WORK INSTRUCTIONS: The line containing "У дану таблицю" marks the end; write out exactly every line from the start of the data up to and including it, without the pictures.

Collected data:
________________
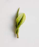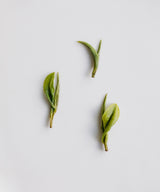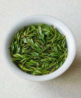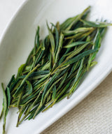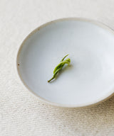 For many people, and across cultures, Anji Biacha is a highly anticipated, and highly appreciated, Spring tea. The name “Anji Baicha” is obscuring: while in this case it refers to a green tea, “baicha” translates to “white tea.” The varietal has been named this way because of its unusually colourless leaves: due to their lower chlorophyll and higher amino acid content, Anji Baicha leaves are a near-translucent, pale green. When dried, these pale, uniform leaves lay very flat like pine needles. Distinct to them is a dark, green vein which runs down the spine of each leaf, with fine arteries branching off of it. In water these flat, papery leaves behave in an unusual way: they unfold by spiraling open, from something flat to something multidimensional, gradually revealing their striking emerald markings. When these leaves are fully open and suspended in the gaiwan, they look like auspicious cranes.
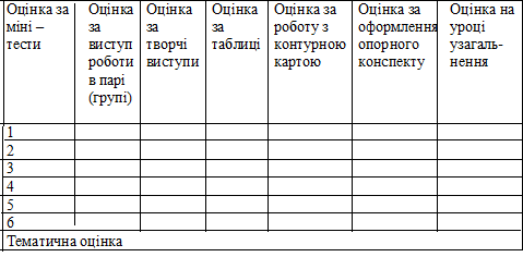 У дану таблицю учитель виставляє оцінки після кожного уроку та після уроку узагальнення
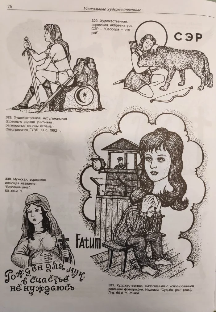 Книга с татуировками заключённых имела ещё и практический характер. Она нужна была для служебного пользования, потому что в воровском мире все тату говорящие.
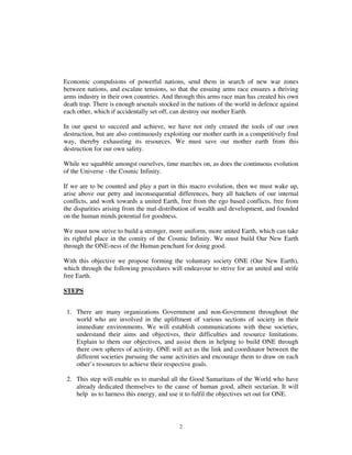 The document proposes forming a voluntary society called ONE to work towards building a united, strife-free Earth. It outlines steps for ONE to coordinate with existing organizations, inform governments and citizens, and establish local chapters to alleviate suffering and promote spiritual upliftment through non-sectarian teachings. The goal is for individuals to move beyond ego and work selflessly for human good, ensuring all people's basic needs are met on a sustainable planet.
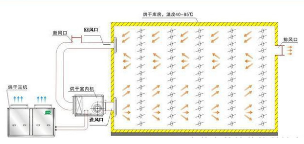 通過(guò)壓縮機(jī)做功,驅(qū)動(dòng)管路中的傳熱工質(zhì)吸收外界環(huán)境中的熱量(空氣中的熱量)在進(jìn)行壓縮做工使其變成高溫高壓氣體,再通過(guò)換熱裝置將熱量釋放到烘干房?jī)?nèi),通過(guò)熱風(fēng)循環(huán)系統(tǒng)進(jìn)行不斷烘干的過(guò)程。
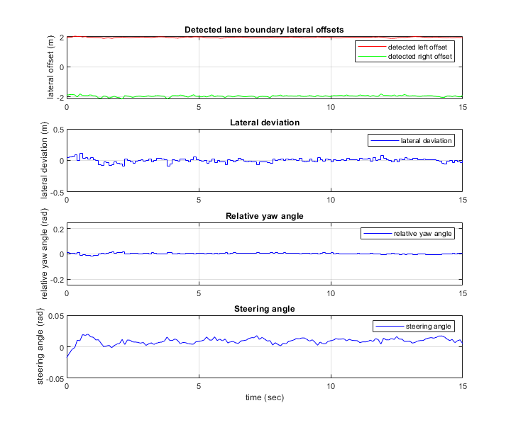 The Relative yaw angle plot shows the relative yaw angle between the ego vehicle and the centerline of the lane. The relative yaw angle is very close to 0 radians, which implies that the heading angle of the ego vehicle matches the yaw angle of the centerline closely.
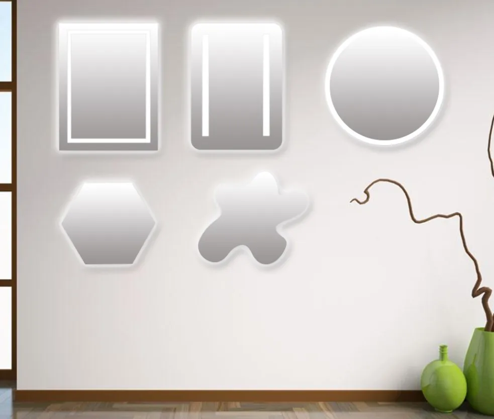 By using sanding or laser technology behind the mirror, the mirror can transmit light, and the pattern of the light-transmitting part can be made according to your needs.
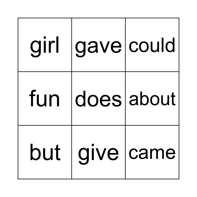 This bingo card has a free space and 8 words: about, could, gave, but, girl, came, fun and give.
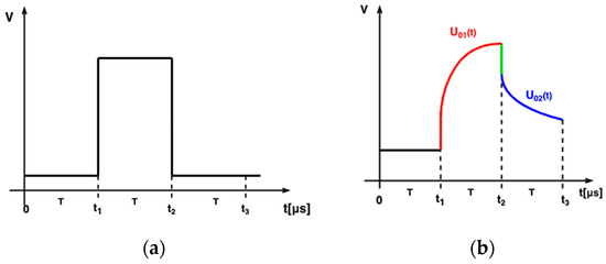 Similarly, using the Laplace analysis, the trailing edge of the integrator response was analyzed (Figure 2b). The voltage at the integrator output after the falling edge of the exciting rectangular pulse, i.e., after the time , is described by the following formula:
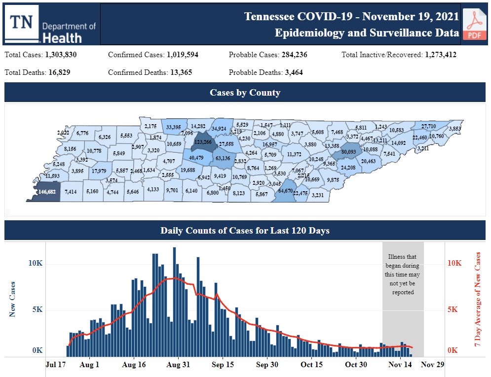 According to the Tennessee Department of Health (TDH), in Cumberland County there are 176 active cases of COVID-19, which is up.  There have been 227 deaths reported as of the date of this newsletter.  Datasets for additional information can be found at https://www.tn.gov/health/cedep/ncov/data/downloadable-datasets.html.
________________
YOUR RESPONSE:
 For many people, and across cultures, Anji Biacha is a highly anticipated, and highly appreciated, Spring tea. The name “Anji Baicha” is obscuring: while in this case it refers to a green tea, “baicha” translates to “white tea.” The varietal has been named this way because of its unusually colourless leaves: due to their lower chlorophyll and higher amino acid content, Anji Baicha leaves are a near-translucent, pale green. When dried, these pale, uniform leaves lay very flat like pine needles. Distinct to them is a dark, green vein which runs down the spine of each leaf, with fine arteries branching off of it. In water these flat, papery leaves behave in an unusual way: they unfold by spiraling open, from something flat to something multidimensional, gradually revealing their striking emerald markings. When these leaves are fully open and suspended in the gaiwan, they look like auspicious cranes.
 У дану таблицю учитель виставляє оцінки після кожного уроку та після уроку узагальнення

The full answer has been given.